Besides, O’Hara thought, this was the end of the line for him. If he lost this job survival would be difficult. There were too many broken-down pilots in South America hunting too few jobs and Filson’s string-and-sealing-wax outfit was about as low as you could get. Hell, he thought disgustedly, I’m on a bloody escalator going the wrong way – it takes all the running I can do to stay in the same place.
He put down the hand-set abruptly and looked again into the night, scanning the sky. It looked all right here, but what about the mountains? Always he thought about the mountains, those cruel mountains with their jagged white swords stretched skywards to impale him. Filson had better have a good met. report.
He walked to the door and stepped into the corridor, unlit as usual. They turned off all lights in the public rooms at eleven p.m. – it was that kind of hotel. For the millionth time he wondered what he was doing in this godforsaken country, in this tired town, in this sleazy hotel. Unconcernedly naked, he walked down towards the bathroom. In his philosophy if a woman had seen a naked man before then it didn’t matter – if she hadn’t, it was time she did. Anyway, it was dark.
He showered quickly, washing away the night sweat, and returned to his room and switched on the bedside lamp wondering if it would work. It was always a fifty per cent chance that it wouldn’t – the town’s electricity supply was very erratic.

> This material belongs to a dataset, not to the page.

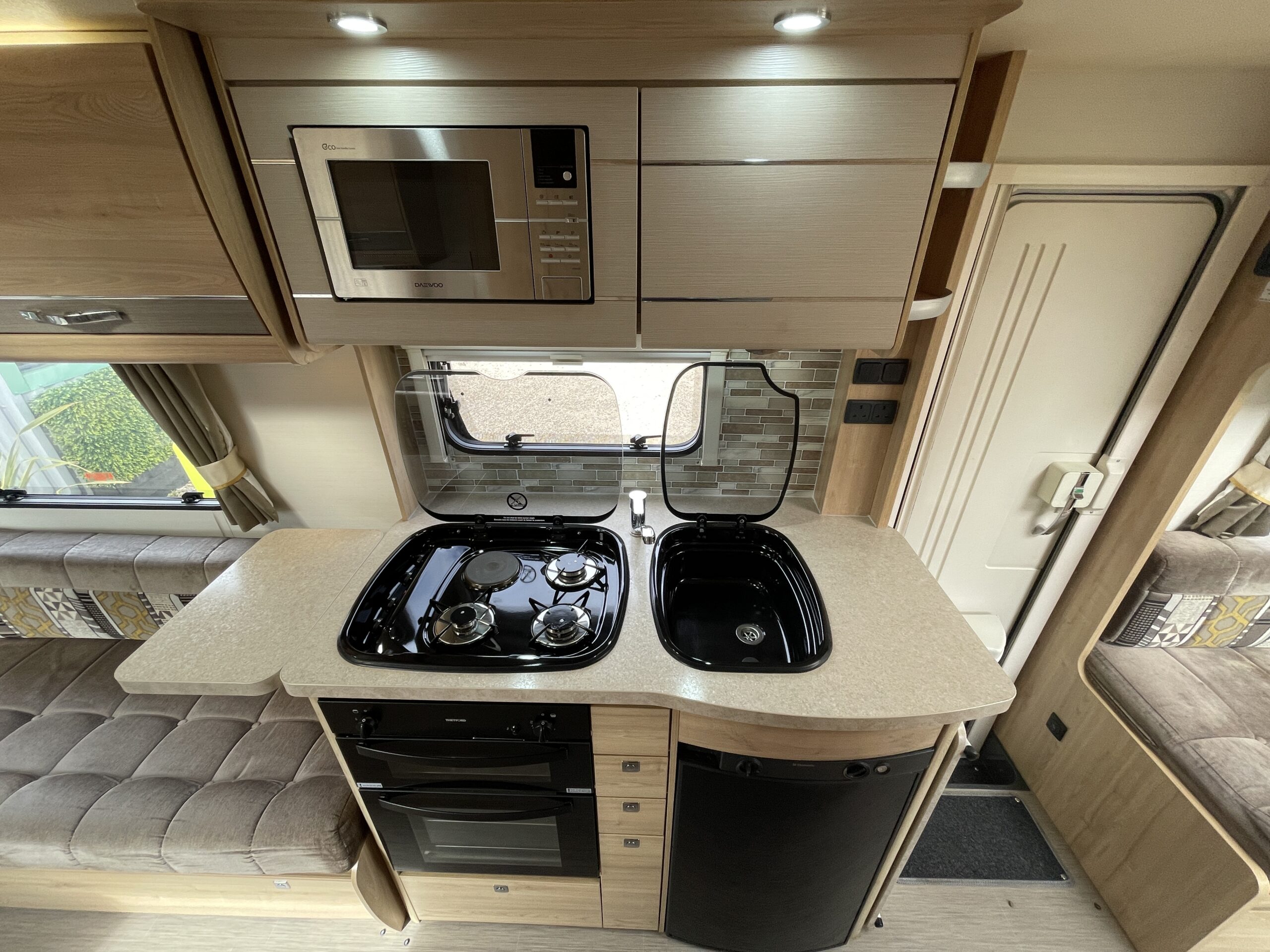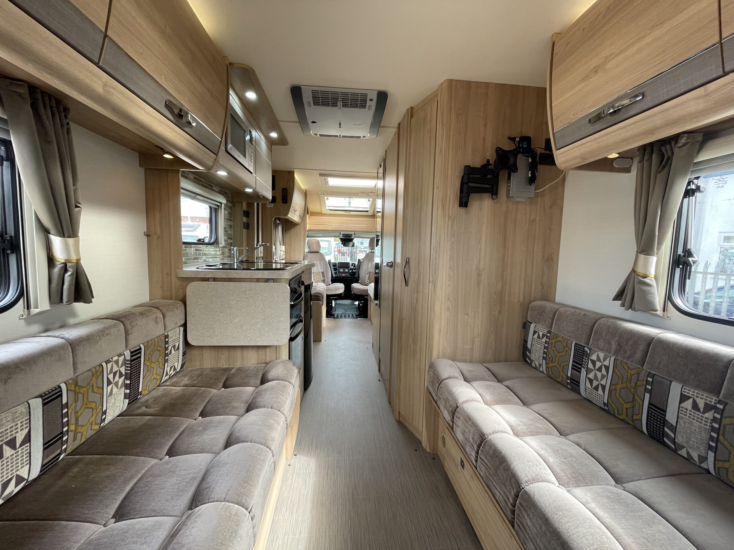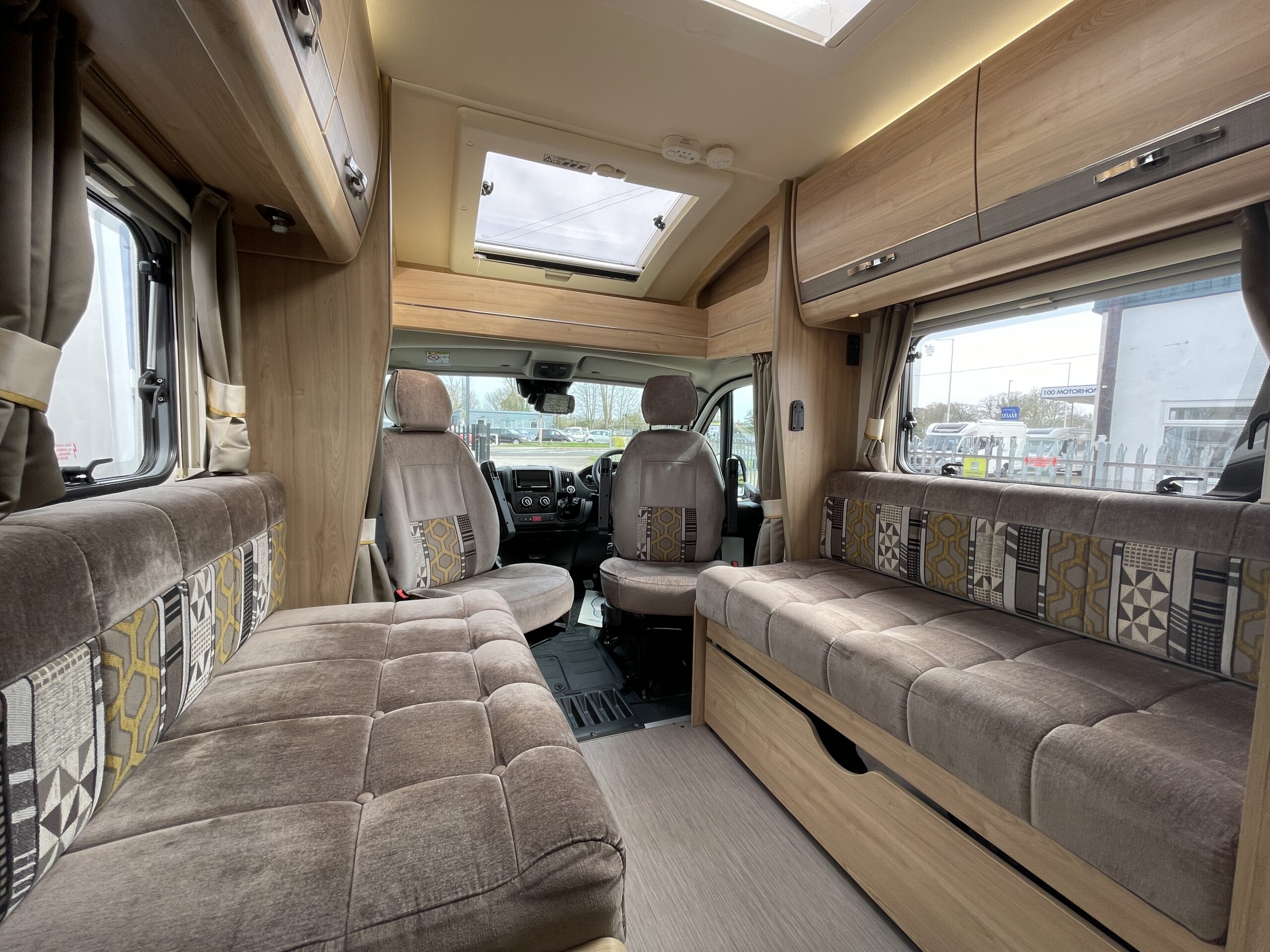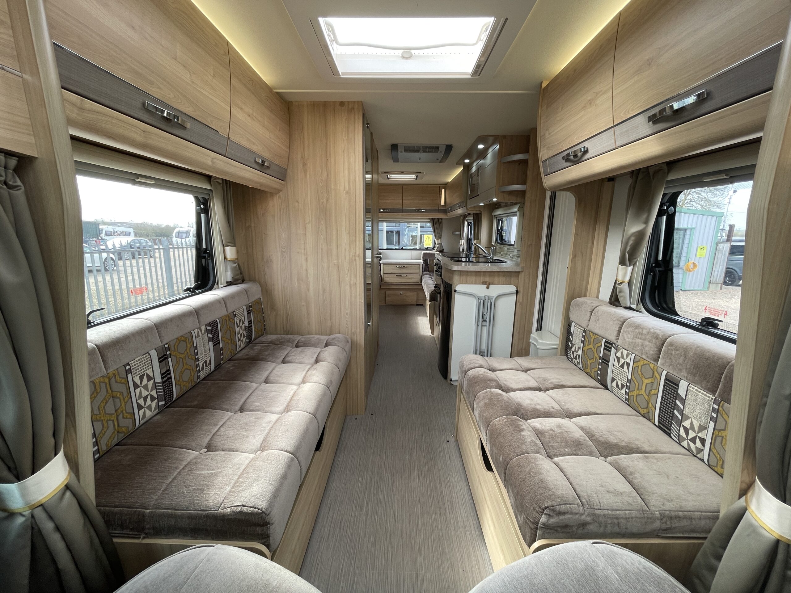 Entering the habitation door on the passenger side you are greeted by a spacious, well lit, neutral interior. The front lounge when utilising the captain seats can comfortably seat up to 6 people when relaxing or entertaining. The bench seats easily make’s up into a large 2 berth. Neatly stored under the bench seats are 2 of the travelling seats. Centrally you have a fully equipped kitchen with a full oven, hob, microwave, 3 way fridge with freezer, sink and extra hide away preparation space. Towards the rear you have two long benches which can also be used as single beds or converted to a large 2 berth bed. There is also ample storage above and below throughout this model.

The filament glowed faintly and in the dim light he dressed – long woollen underwear, jeans, a thick shirt and a leather jacket. By the time he had finished he was sweating again in the warm tropical night. But it would be cold over the mountains.
From the dressing-table he took a metal flask and shook it tentatively. It was only half full and he frowned. He could wake Ramón and get a refill but that was not politic; for one thing Ramón did not like being wakened at night, and for another he would ask cutting questions about when his bill was going to be paid. Perhaps he could get something at the airport.
O’Hara was just leaving when he paused at the door and turned back to look at the sprawling figure in the bed. The sheet had slipped revealing dark breasts tipped a darker colour. He looked at her critically. Her olive skin had an underlying coppery sheen and he thought there was a sizeable admixture of Indian in this one. With a rueful grimace he took a thin wallet from the inside pocket of his leather jacket, extracted two notes and tossed them on the bedside table. Then he went out, closing the door quietly behind him.